Professor Chang is not an Arabist, an anthropologist or a travel writer along the lines of a sometimes-caustic Paul Theroux. Nor is he a European limited by a traditional Western education with its emphasis on Judeo-Christian values. While this travelogue is hardly a Chinese “take” on the Greater Middle East, it does benefit from the author’s firm grounding in East Asian culture and history. In particular, there are several “bonus” chapters documenting the impact of the Mongol Empire and nomadic culture of the Turkic peoples on the region, and this is something special—perhaps even unexpected—that you won’t find in your run- of-the-mill Middle East guidebook.

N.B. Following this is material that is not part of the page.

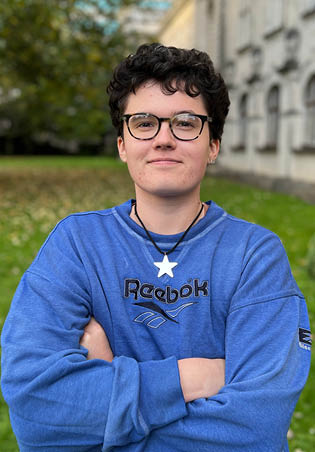 AJ ydw i ac rydw i’n un o’ch swyddogion LHDTC+ etholedig. Rydw i wedi bod yn aelod gweithredol o’r gymuned ers i mi ddechrau ym Mhrifysgol Caerdydd ac rydw i’n gyffrous i weithio gyda myfyrwyr, Matilda, a’r swyddogion eraill eleni.
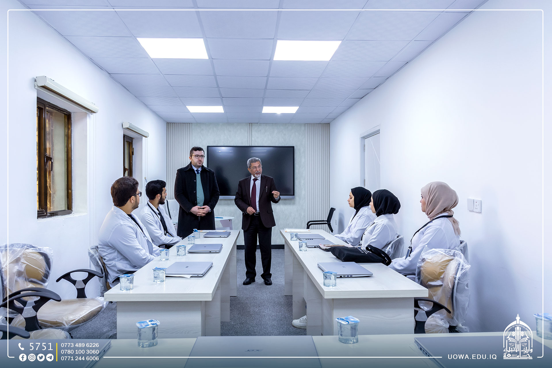 An introductory tour for the Faculty of Medicine students at Warith Al-Anbiyaa University at the "National Center for Medical Competence Assessment" of the Health and University Education Authority, where Dr. Sabih Al-Mashhadani gave an introductory explanation of the center and its importance in practical training for medical students.

H. K. Chang is one of those rare personalities who first excelled in the hard sciences—he holds a Ph.D. in Biomedical Engineering from Northwestern University (USA) and was Dean of Engineering at the University of Pittsburgh— but went on to devote himself to the humanities, authoring 12 books on civilizations and education. Professor H. K. Chang was President of City University of Hong Kong from 1996 to 2007. He has been a visiting professor at the University of Paris, Cairo University, University of Delhi, Bilkent University in Ankara and Bosphorus University in Istanbul. An honorary professor at Peking University, Tsinghua University and others, he is a Foreign Member of the Royal Academy of Engineering (UK) and a Chevalier of France’s L’Ordre national de la Légion d’Honneur.